__DESCRIPTION OF THE TASK__
Without copying any picture, transcribe exactly the lines of the data below from the one containing "キルスイッチの下にあるセルス" through the one containing "活动现场,我中心工作人员布设".

↓

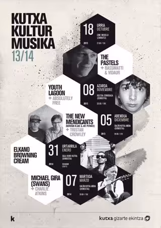 El primer concierto del ciclo será el de la banda escocesa The Pastels, que actuarán el viernes 18 de octubre a las 21.00 horas en el Cine Modelo de Zarautz, y tendrán como teloneros al grupo donostiarra Basmatti & Vidaur.
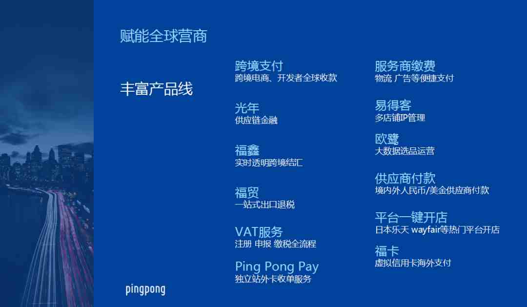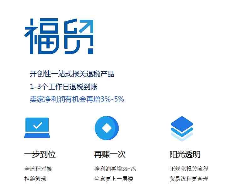 PingPong还推出“福贸”这款产品,它是开创性一站式报关退税产品,1-3个工作日退税即可到账。
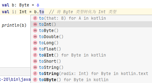 val i: Int = b.toInt() // 将 Byte 类型转化为 Int 类型
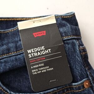 NW T Levi’s Premium Wedgie Straight Jeans – Dark Blue. Elevate your wardrobe with these stylish dark blue straight jeans. Perfect for any occasion, offering comfort and a sleek look.
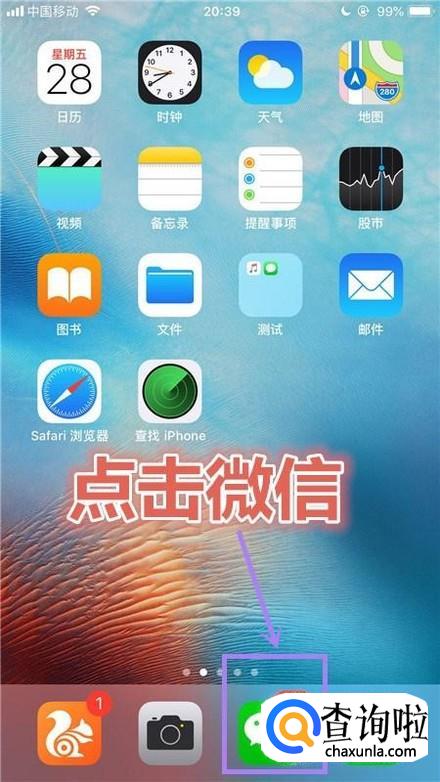 首先在我们的手机桌面上找到微信并点击它,如下图所示。
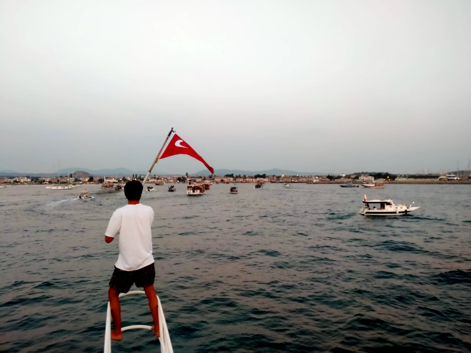 Sahilde bulunan tur tekneleri ve balıkçı tekneleri vatandaşlar ile birlikte denize açıldı. Türk bayrakları ve marşlar eşliğinde Teos Marina karşısında turlayan tekneler Sahil Güvenlik komutanlığı ekipleri ve Deniz polisi kontrolünde yol aldı.
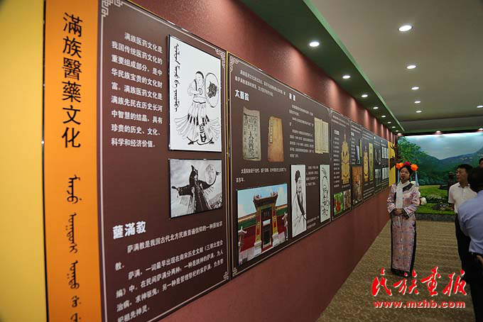 滿族講解員在滿族醫藥博物館講解滿族醫藥歷史
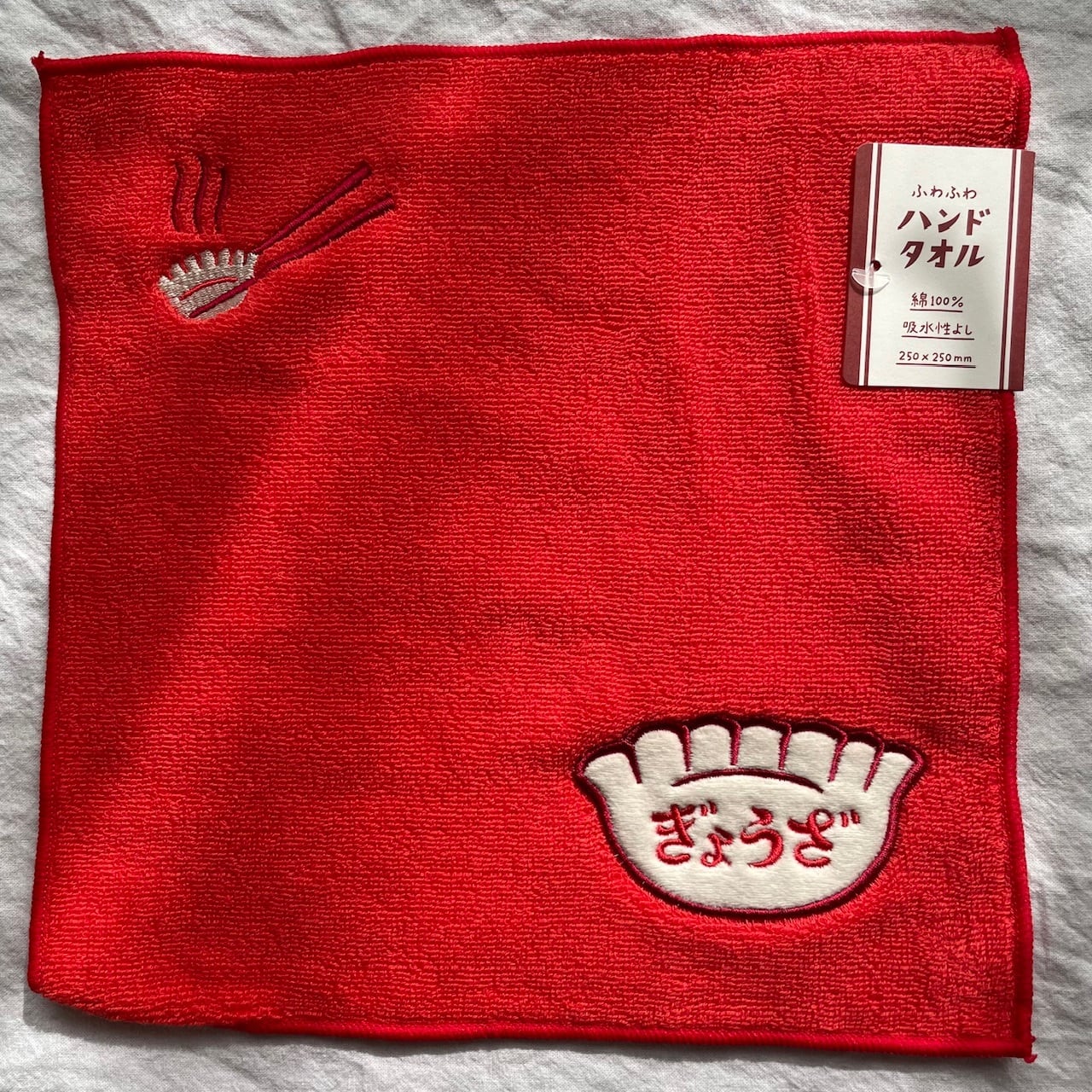 手触りが良く程よい厚みのパイル地に「ぎょうざ」が刺繍がされています。
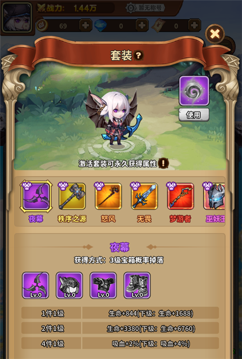 集齐套装即可解锁对应套装的特效件,特效件可以幻化到角色身上。收集套装可以激活对应的套装效果,获得属性加成。
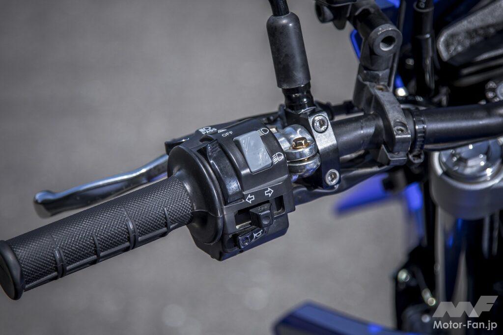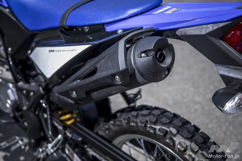 キルスイッチの下にあるセルスタータースイッチを操作してエンジンを始動します。しっかりと消音されたエキゾーストノートがマフラーから放たれますが、このWR155Rのマフラーは左出しという珍しいタイプを導入しています。左側通行の日本では騒音的に不利になりますが、耳障りな音を発生するわけじゃないので、現実的にはなんら問題はなさそうです。
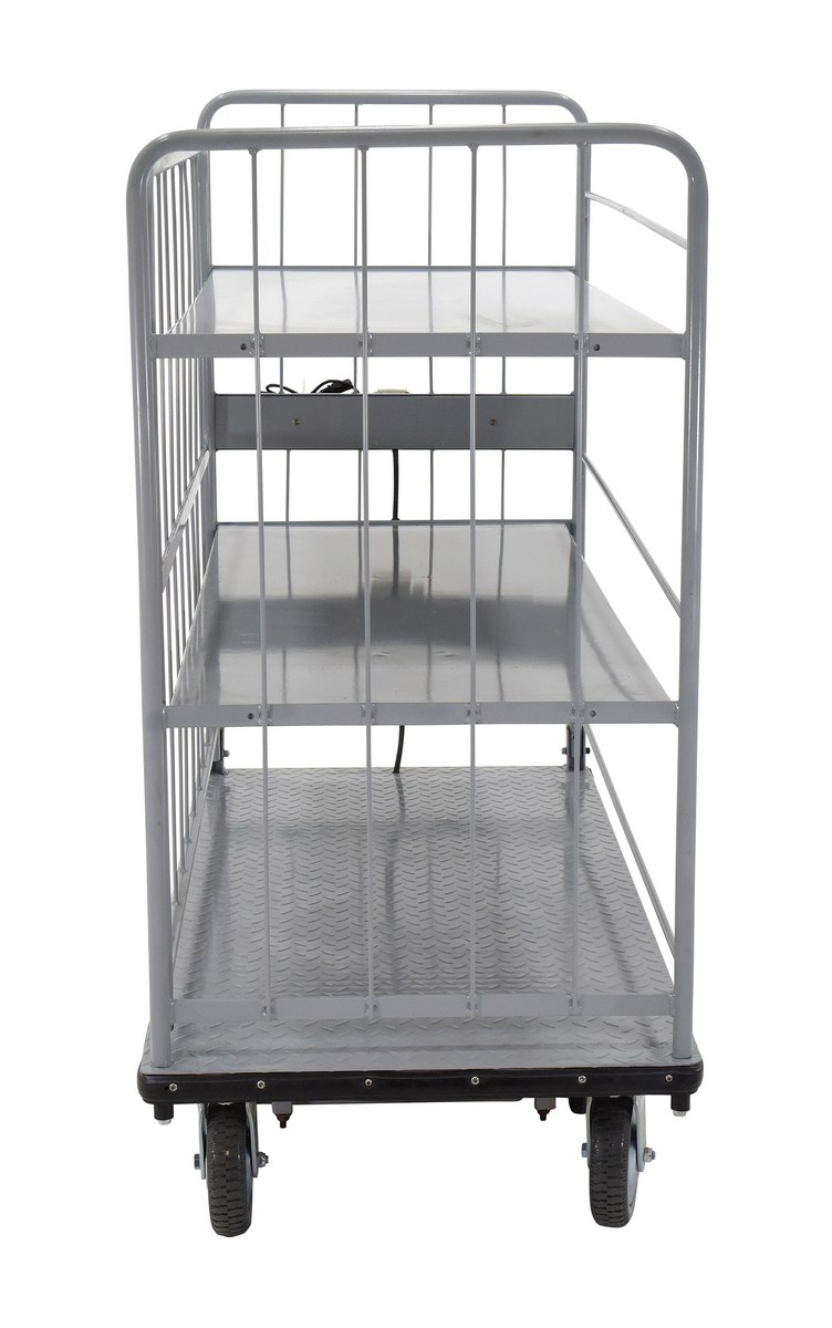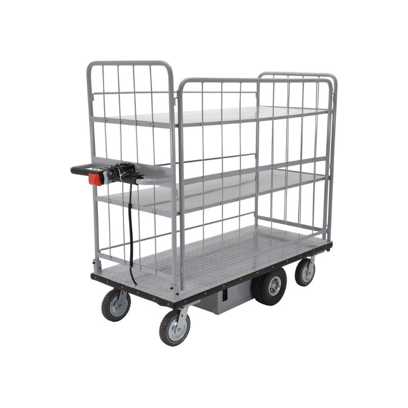 The Vestil EMHC-2860-4 Steel Electric Material Handling Cart with Sides is ideal for moving heavy loads safely and easily throughout warehouses, offices, schools, and hospitals and incorporates a multitude of features to make light work of heavy loads. Reduce injury and increase productivity with these high quality carts. Features an 800W electric drive motor with (2) two 12V batteries for power and on-board 115V AC battery charger. The handle includes forward and reverse throttle control levers, an emergency reverse switch, a battery level gauge, and a slow/fast speed switch. Pinpoint turning is accurate with the mid-axle drive feature.
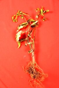 In seedlings, damping off associated with root-rot can kill plants. In older plants, root infections can result in stunting, wilting, and eventual plant death in approximately two weeks.
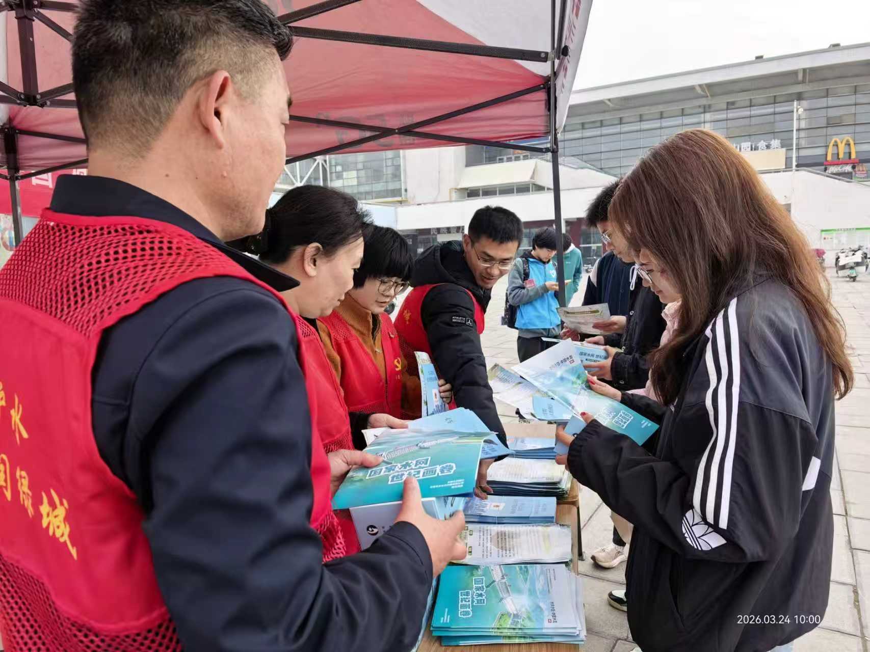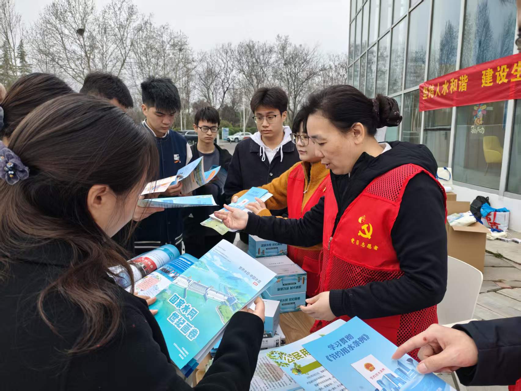 活动现场,我中心工作人员布设宣传阵地,摆放宣传展板,悬挂宣传条幅,发放宣传册,向同学们讲解《节约用水条例》、校园节水知识等内容,引导广大师生树牢节水意识、践行绿色理念,以实际行动助力水资源节约集约利用与国家水安全保障。现场宣传氛围浓厚,师生们纷纷表示要充分践行节水行动,争做节水“宣传员”、“监督员”。
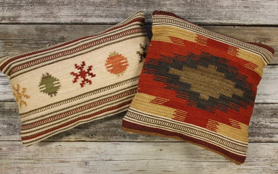"Check out our great Kilim Pillows in rich fall tones. Or cozy up in our newly reupholstered Antique Harden Mission Armchair and scan thru one of our many "Comfort Food" cookbooks. Or how about playing tic-tac-toe or starting a vintage "Outdoor Life" puzzle? Maybe you just need to curl up in one of our new British wool plaid blankets and test out our great new Barnwood Bed.”
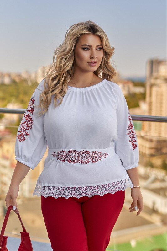 Блузка з легкої тканини штапель, прикрашена орнаментом-аплікацією на рукавах та по лінії талії на поясі. пояс знімається.

↑

__OUTPUT__
 キルスイッチの下にあるセルスタータースイッチを操作してエンジンを始動します。しっかりと消音されたエキゾーストノートがマフラーから放たれますが、このWR155Rのマフラーは左出しという珍しいタイプを導入しています。左側通行の日本では騒音的に不利になりますが、耳障りな音を発生するわけじゃないので、現実的にはなんら問題はなさそうです。
 The Vestil EMHC-2860-4 Steel Electric Material Handling Cart with Sides is ideal for moving heavy loads safely and easily throughout warehouses, offices, schools, and hospitals and incorporates a multitude of features to make light work of heavy loads. Reduce injury and increase productivity with these high quality carts. Features an 800W electric drive motor with (2) two 12V batteries for power and on-board 115V AC battery charger. The handle includes forward and reverse throttle control levers, an emergency reverse switch, a battery level gauge, and a slow/fast speed switch. Pinpoint turning is accurate with the mid-axle drive feature.
 In seedlings, damping off associated with root-rot can kill plants. In older plants, root infections can result in stunting, wilting, and eventual plant death in approximately two weeks.
 活动现场,我中心工作人员布设宣传阵地,摆放宣传展板,悬挂宣传条幅,发放宣传册,向同学们讲解《节约用水条例》、校园节水知识等内容,引导广大师生树牢节水意识、践行绿色理念,以实际行动助力水资源节约集约利用与国家水安全保障。现场宣传氛围浓厚,师生们纷纷表示要充分践行节水行动,争做节水“宣传员”、“监督员”。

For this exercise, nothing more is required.